■ DATASET EXCERPT
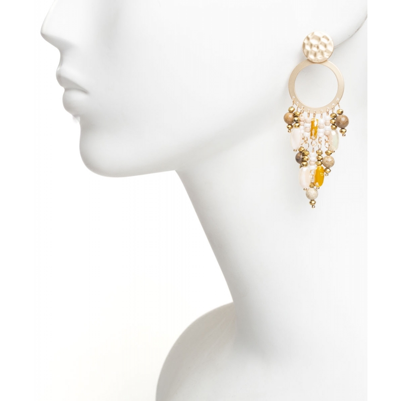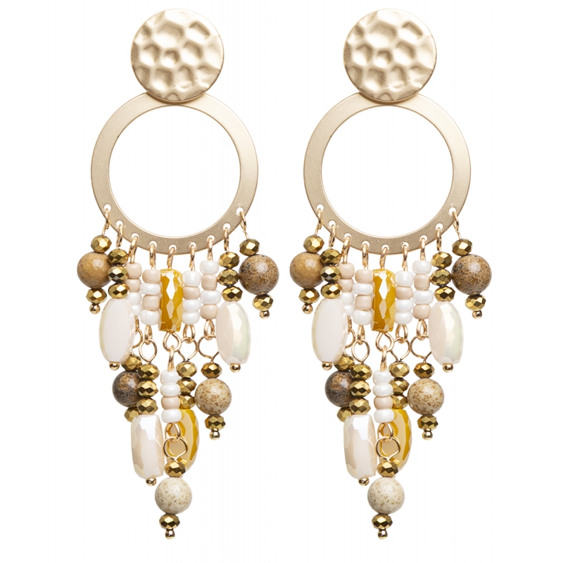 Pendiente con post redondo de metal texturado acabado mate, con círculo calado y lluvia de cuentas y piedras naturales, en color beig con dorado.
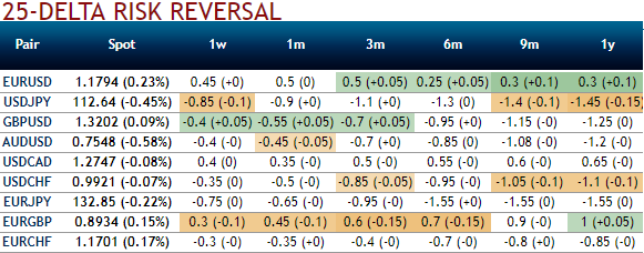 Please also be noted that the IV skewness is very conducive in determining this decision, here in case of USDJPY, the positively skewed IVs are signifying the importance of OTM puts but not deep out of the money puts (2m skews are suggesting strikes maximum upto 110). This bearish sentiment is in sync with the mounting negative risk reversals that again indicates further bearish risks.
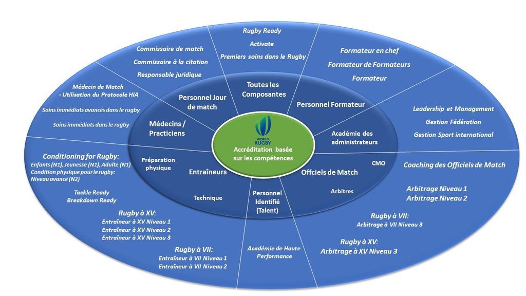 Le diagramme ci-dessous représente l'ensemble du portefeuille de cours en présentiel de World Rugby.

■ EXERCISE BRIEF
Give back the material above word for word; no picture belongs in it.

■ ANSWER BOX
 Pendiente con post redondo de metal texturado acabado mate, con círculo calado y lluvia de cuentas y piedras naturales, en color beig con dorado.
 Please also be noted that the IV skewness is very conducive in determining this decision, here in case of USDJPY, the positively skewed IVs are signifying the importance of OTM puts but not deep out of the money puts (2m skews are suggesting strikes maximum upto 110). This bearish sentiment is in sync with the mounting negative risk reversals that again indicates further bearish risks.
 Le diagramme ci-dessous représente l'ensemble du portefeuille de cours en présentiel de World Rugby.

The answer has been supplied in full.